Not to be confused with the use of likelihood ratios in diagnostic testing.

In statistics, a likelihood ratio test is a statistical test used to compare the goodness of fit of two models, one of which (the null model) is a special case of the other (the alternative model). The test is based on the likelihood ratio, which expresses how many times more likely the data are under one model than the other. This likelihood ratio, or equivalently its logarithm, can then be used to compute a p-value, or compared to a critical value to decide whether to reject the null model in favour of the alternative model.
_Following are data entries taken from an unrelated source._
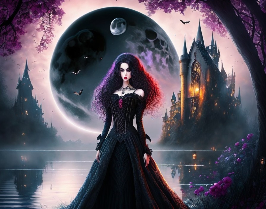 A gothic woman stands before a castle and large moon amidst a mystical purple-toned landscape with bats and lanterns.
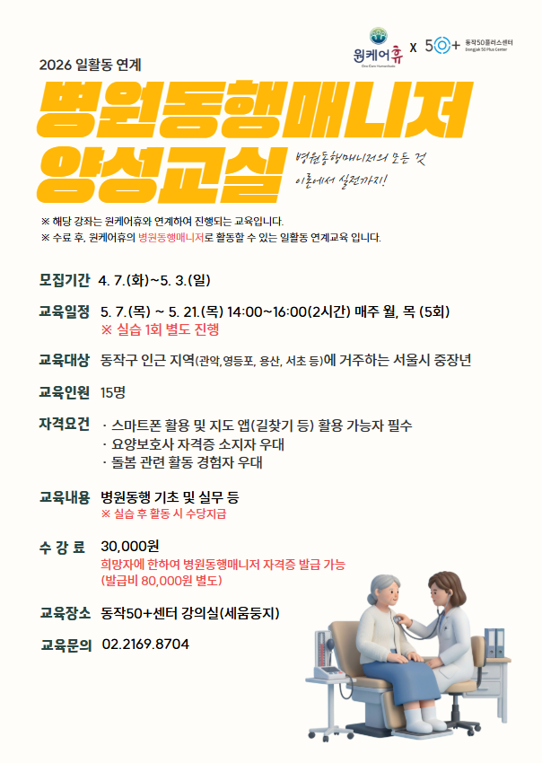 (2 회차) 2026.05.11(14:00 ~ 16:00) 1. 세움둥지 원케어휴 강사진 지역통합 돌봄과 병원동행의 이해 스마트폰, 필기도구 등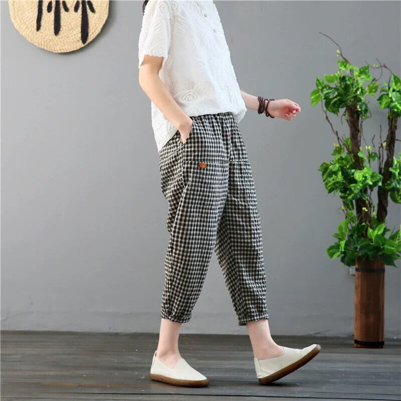 コットンとリネンのハーレムパンツの女性の夏 2021 新しい緩い大きいサイズ芸術的なレトロなチェック柄弾性ウエストカジュアルリネン 9 点パンツ エラスティック 伸縮 大きめサイズ サマー 夏物 sine34240119854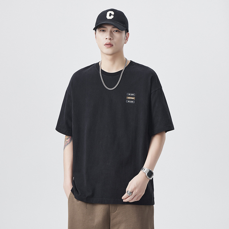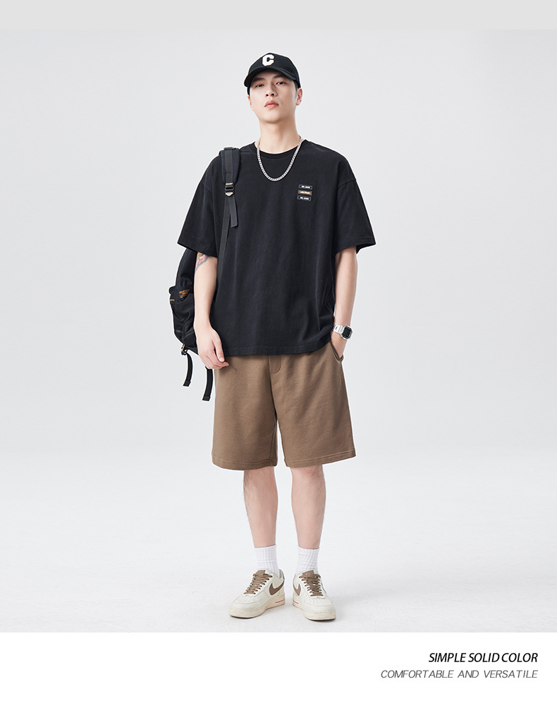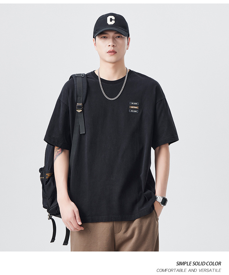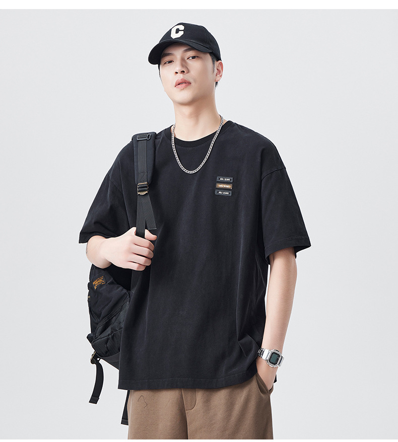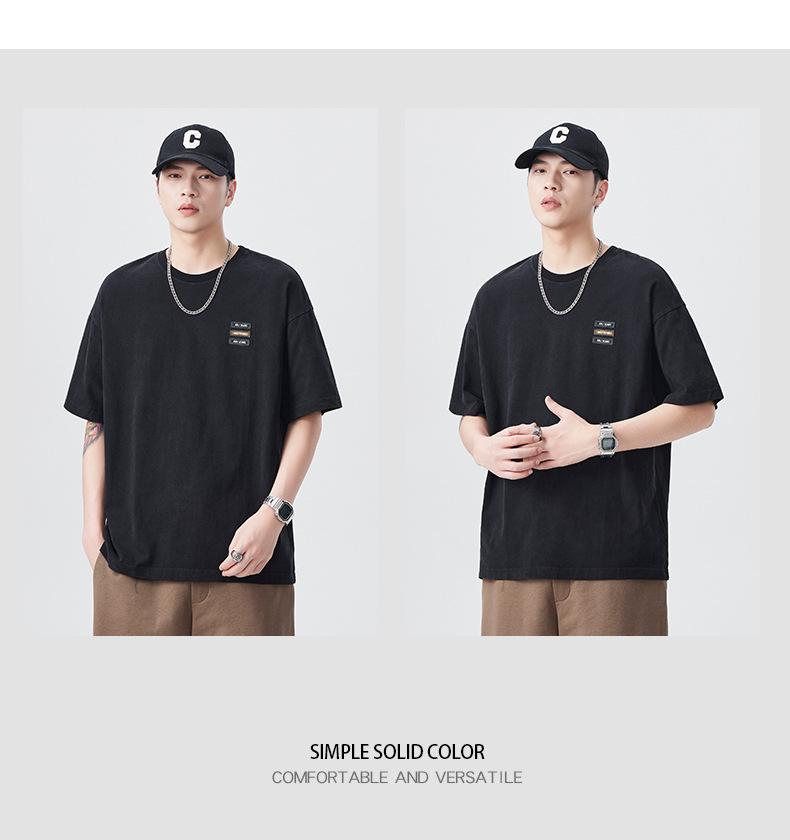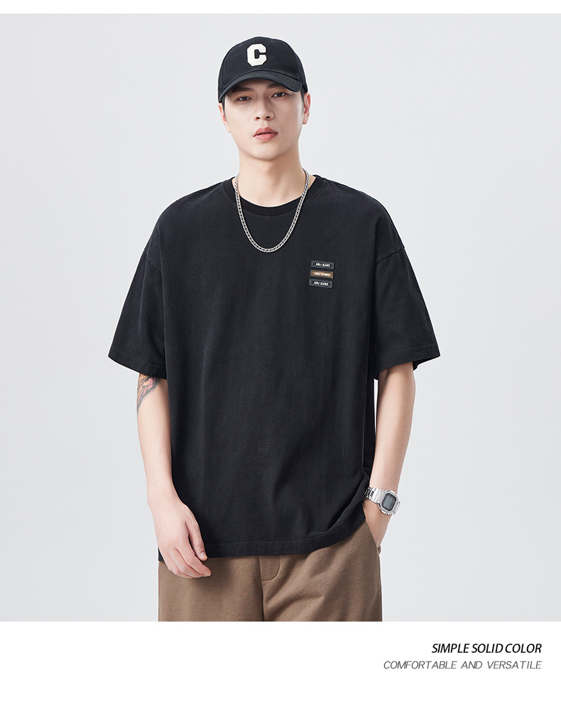 美式复古纯棉短袖t恤男士宽松圆领简约刺绣上衣夏季五分袖体恤男
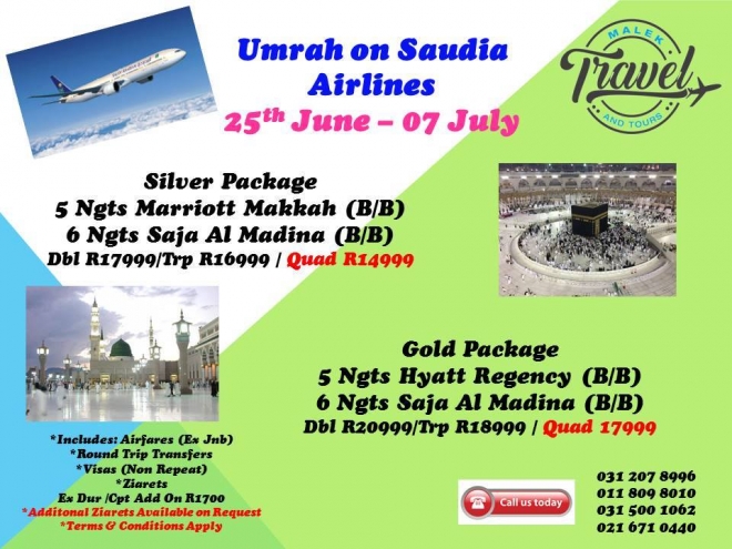 Disclaimer: Kindly check and confirm details with operators before booking. Package Information has been uploaded onto our website as received, and may have changed. Hotel Information has been sourced from websites like Google Maps, Wikimapia and Hotels.com. If any of the information is incorrect, kindly let us know via email: info@hajjumrahinfo.co.za - Shukran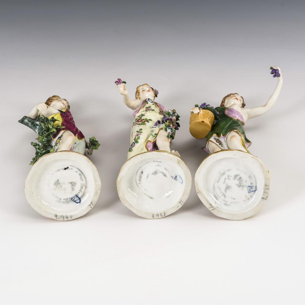 3 antique dressed female figures, including as spring and autumn. Partially leaves bumped.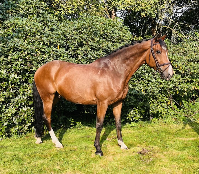 We are looking for a nice home for our Crysou (S: Comme il faut MV: Godolphin) He was born with us, was gently broken in at the age of 4 and has competed in show jumping up to elementary (L) level. Crysou is about 1.70 m tall. Particularly noteworthy is his exceptional sitting comfort in all 3 gaits! Crysou prefers to be ridden with fine aids and is always eager to please his rider. He is a pleasure to handle every day, whether in dressage, jumping or on rides. He is naturally fond of blacksmithing and loading and knows dogs, tractors and trucks. Crysou is compatible and friendly with other horses and loves to be petted by his humans. We would like a loving home for him, preferably with a family connection.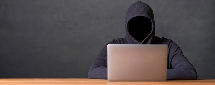 Anti-Tracking Surveillance A hooded figure sits at a desk with a laptop in front of them, creating an atmosphere of mystery and intrigue against a dark background.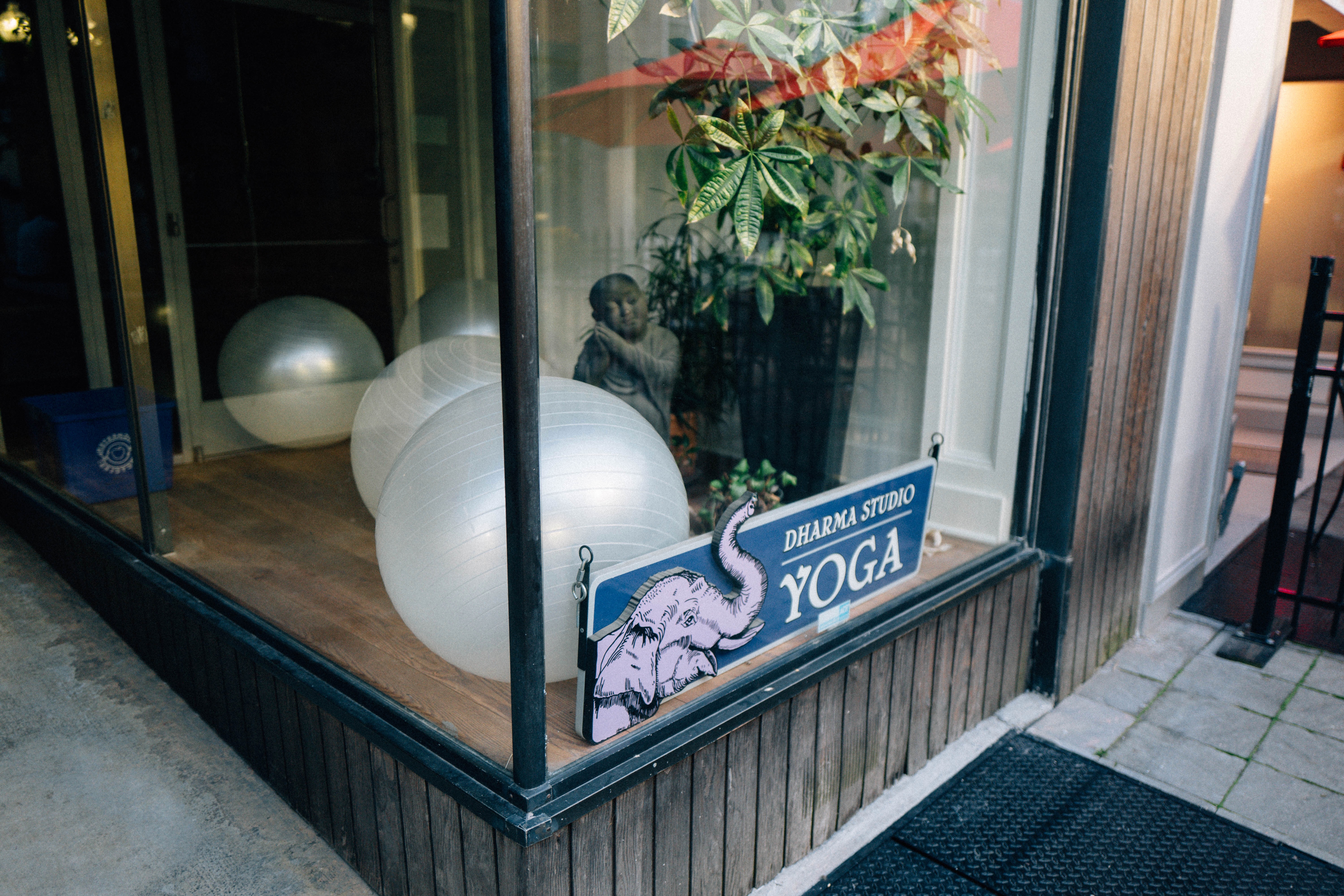 This photograph captures the tranquil ambiance of a yoga studio, visible through a glass window, where soft lighting highlights the simplicity of the setting. Three large exercise balls rest on a wooden floor beside a serene statue, framed by lush greenery, inviting a sense of calm and mindfulness. The cheerful sign featuring an elephant adds a playful touch to the otherwise peaceful composition, enhancing the studio's inviting charm.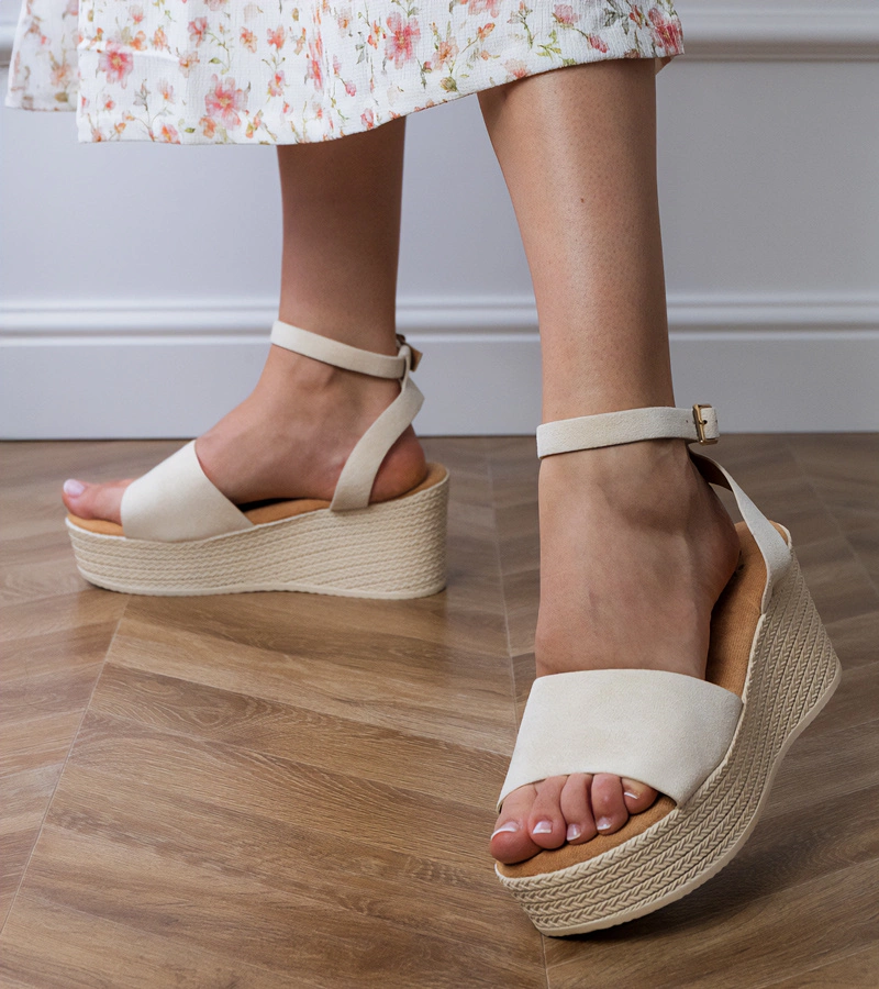 Tmavě béžové sandály na platformě z eko semiše Ganra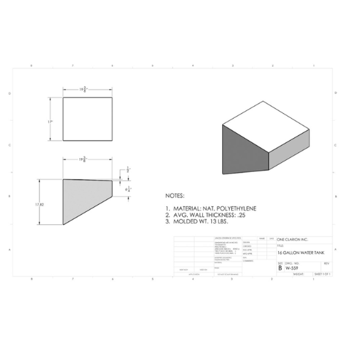 The Custom Roto-Mold 16 Gallon RV Water Tank (Part# W-559) is engineered to meet the needs of compact potable water storage in mobile living environments. Built from rotationally molded polyethylene resin, this tank delivers rugged strength, long-lasting reliability, and safe drinking water performance in space-constrained installations.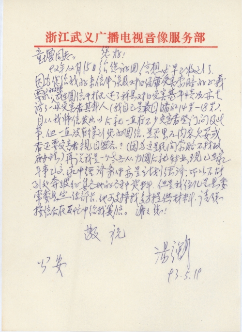 92年12月15日给您的回信想必早已收到了。因为您给我的来信中涉及对日侵华受害索赔的正义要求的支持,我在回信中概述了我县对日受害基本情况亦走访了一些受害者其本人(我自己是最目睹的14岁-18岁)。自从我将信发出以后就一直有不少受害者登门问及此事,但一直没有得到您的回信。是否里面内容欠妥或者还要受害者亲自签名?(因为这是民间索赔,不找政府办理)再说我是一个老兵,从归国后就转业,现已在家,年事已高,家中经济条件亦是计划经济,所以不能到处奔波征集各地的各种资料。但是我侄儿是县委常委县宣传部长,他可支持我多方提供材料,请您接信后在百忙中给我复信。谢谢您!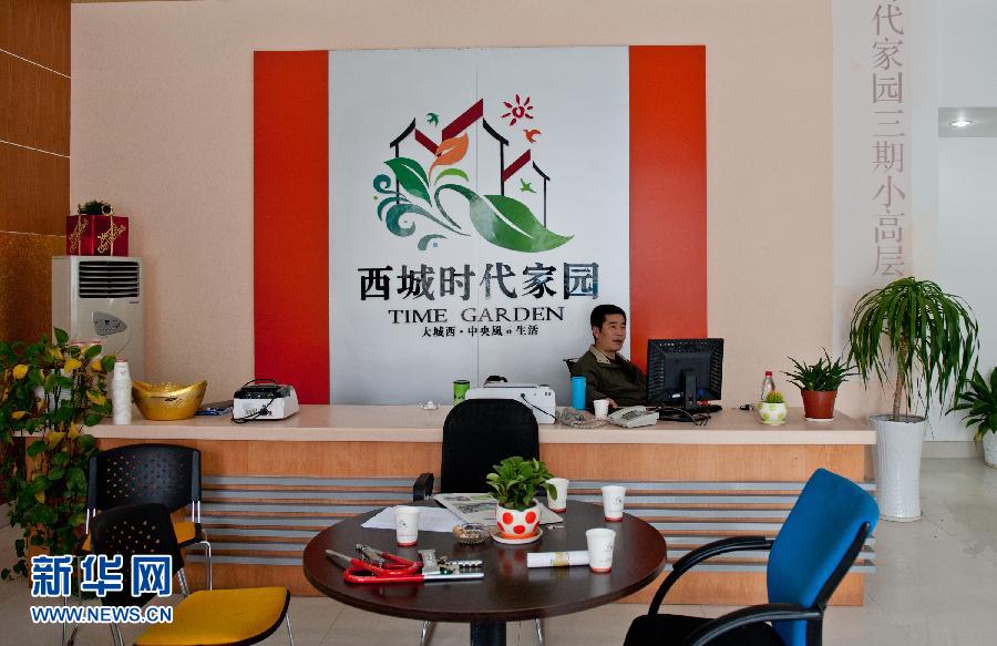 4月9日,一名工作人員仍在杭州金星房地產(chǎn)開發(fā)有限公司開發(fā)的“西城時(shí)代家園”售樓處工作。
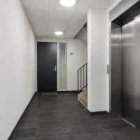Via de centrale hal kom je het gebouw binnen. Hier vind je ook de toegangsdeur naar de bergingen. De berging die bij het appartement hoort, is voorzien van elektra en biedt genoeg ruimte om één of meerdere fietsen te stallen. Met de trap of de lift kun je de derde verdieping bereiken.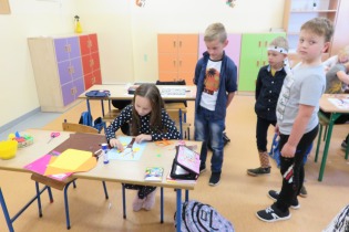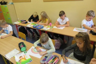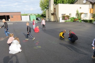 W dniu 15 września po raz kolejny obchodziliśmy w naszej szkole „International Dot Day” czyli Międzynarodowy Dzień Kropki – święto kreatywności i zabawy kolorami. Nauczyciele klas 0-3 przygotowali wiele ciekawych zabaw i aktywności, które pomogły dzieciom odkrywać ich talenty artystyczne i pobudziły wyobraźnię. Najmłodsi milusińscy rysowali „swój kropkowy świat” i dekorowali plac przed szkołą kolorową kredą. Klasy 1-3 wycinały „kropkowe drzewka” , malowały „kropkowe zwierzątka” i kolorowały „kropkową tęczę”. Uczniowie klasy 3 otrzymali nawet dyplomy, bo przecież każdy z nas ma w sobie ukryty talent. Starsi uczniowie klas 4-8 przebierali się w stroje w kropki, wszyscy dobrze się bawili. Dużą niespodzianką był „Mionionek” z kl. 6, który pojawił się tego dnia wśród nas.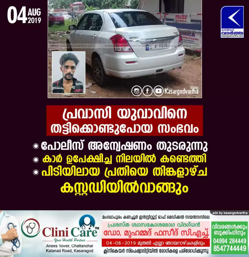 പ്രവാസി യുവാവിനെ തട്ടിക്കൊണ്ടുപോയ സംഭവം; പോലീസ് അന്വേഷണം തുടരുന്നു, കാര്‍ ഉപേക്ഷിച്ച നിലയില്‍ കണ്ടെത്തി, പിടിയിലായ പ്രതിയെ തിങ്കളാഴ്ച കസ്റ്റഡിയില്‍വാങ്ങും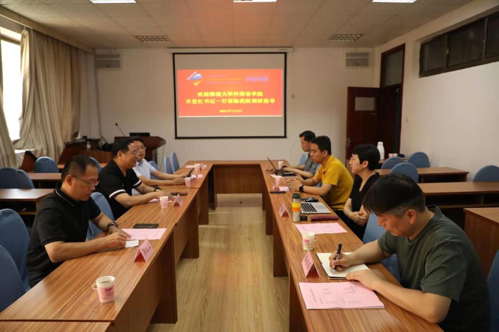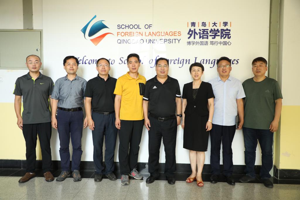 7月9日上午,聊城大学外国语学院党委书记齐登红教授、科研副院长刘风山教授、教学副院长李维滨教授一行四人莅临我院调研指导。外语学院党委书记王传永、院长卞建华、副院长布占廷、娄永强参加调研交流。
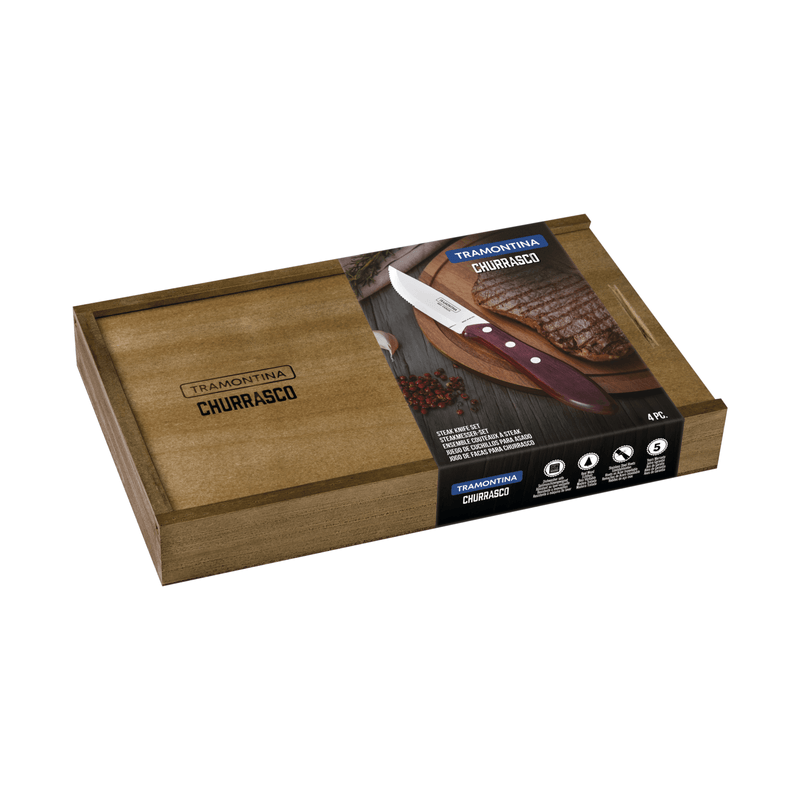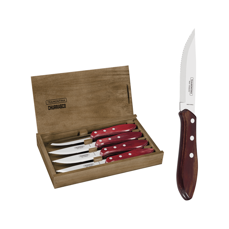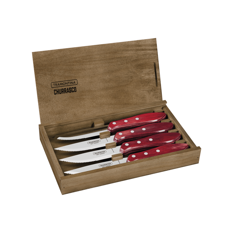 Para garantizar un bellísimo asado, precisamos contar con las herramientas adecuadas. Tramontina sabe eso y ofrece lo mejor que hay con el juego de cuchillos para asado Fandango Tramontina con láminas de acero inoxidable con mango rojo Polywood con estuche de madera 4 piezas de la línea Churrasco. Sus cuchillos se fabrican con láminas de acero inoxidable, mangos de madera tratada Polywood, son resistentes a impactos y altas temperaturas y tienen remaches de acero inoxidable. Prepárate para apreciar cada momento!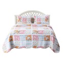• Benjara Vanie 3pc Full/Queen Quilt Set, Scalloped Edges, Blue White Pink Cotton image - 1

When the logarithm of the likelihood ratio is used, the statistic is known as a log-likelihood ratio statistic, and the probability distribution of this test statistic, assuming that the null model is true, can be approximated using Wilks's theorem.

In the case of distinguishing between two models, each of which has no unknown parameters, use of the likelihood ratio test can be justified by the Neyman–Pearson lemma, which demonstrates that such a test has the highest power among all competitors.[1]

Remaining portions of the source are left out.